Consider `eval`ing property overrides
With the -P switch we can override properties, but only strings.
What if I want to override a property that takes a list value, or a boolean? For booleans you can hope the plugins checks for truthiness/falsiness only (if x) and not against actual singletons (None, False, True) but for lists or numbers there is no solution.
So it just occurred to me that we could use eval to produce actual types from the -P arguments.
This would probably break existing things built by users because writing -P my_prop=new_value would result in an unbound local error.
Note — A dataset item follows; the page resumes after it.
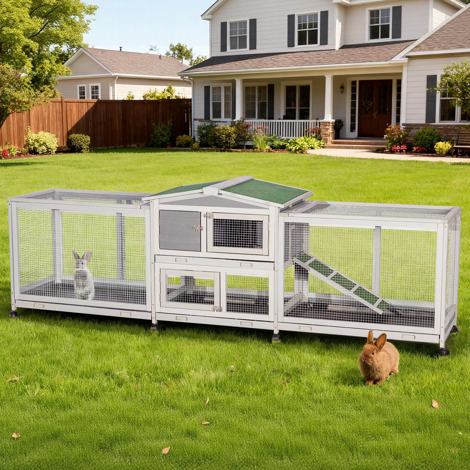 Give your pets a spacious, secure, and easy-to-maintain home with this 94.5-inch outdoor rabbit hutch, designed for rabbits, chickens, guinea...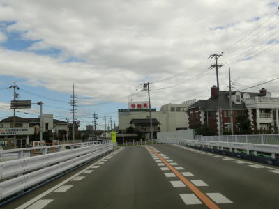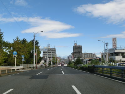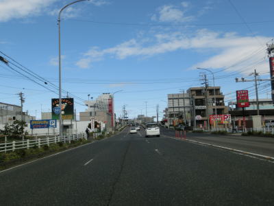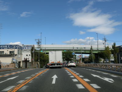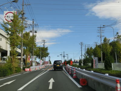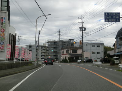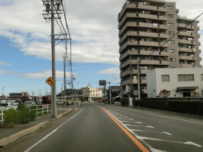 | 東海市に入った直後の信濃橋は架け替え工事のため仮設橋の前後の2ヶ所でS字状の急カーブを曲がらなければならない。信濃橋以降も家屋の建ち並んだ間を抜ける2車線道路が続いている。歩道は設置されていない点にも変化はなく、交通量が多いので走りにくさを感じられる道路状況である。 | ||

It's possible to avoid polluting and getting polluted by scope, but we're still running unknown code (user could do this himself though, so I don't see a security problem here).
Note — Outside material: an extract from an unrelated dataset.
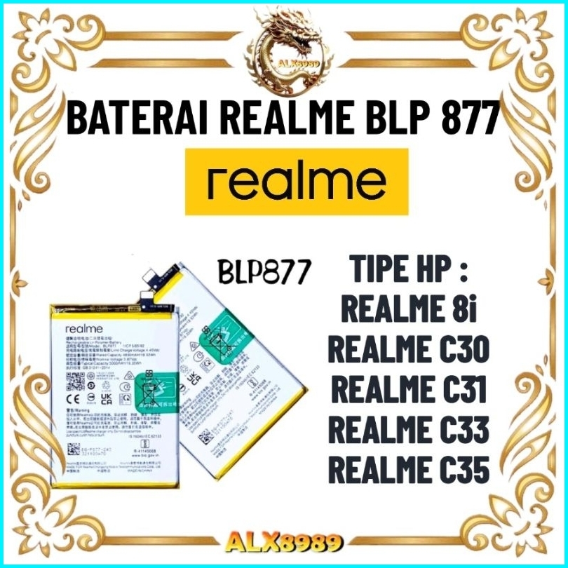 Baterai Blp877 Realme 8i - Realme C30 - Realme C31 - C33 - C35 5000mah Blp-877 Model Tanam Original

Feedback or other ideas welcome.
For -P my_prop=new\ value, what does eval(new\ value) give you? I assume it breaks. So we need to have backwards compatibility somehow that can distinguish between:
-P my_prop=new\ string\ value
and
-P "my_prop='something to eval %s' % variable"
Maybe = vs := ?
Yes new and value would be unbound locals. A new operator would be neat, but I don't think the cli parser can handle this. There's always the option of adding a new flag, like --eval-override
CLI just splits the value on =. We can always split on = or :=. Some minor coding is necessary.
Question is - when do you want to eval them, i.e. in what phase? I assume right in the invocation of @init so that the context of eval is predictable.
Hm, the := definitely sounds best when you put it like this. Thanks!
:+1:
Yes during init probably. But with no locals and globals, I think, and also keeping just the result of the eval, to avoid strange side effects.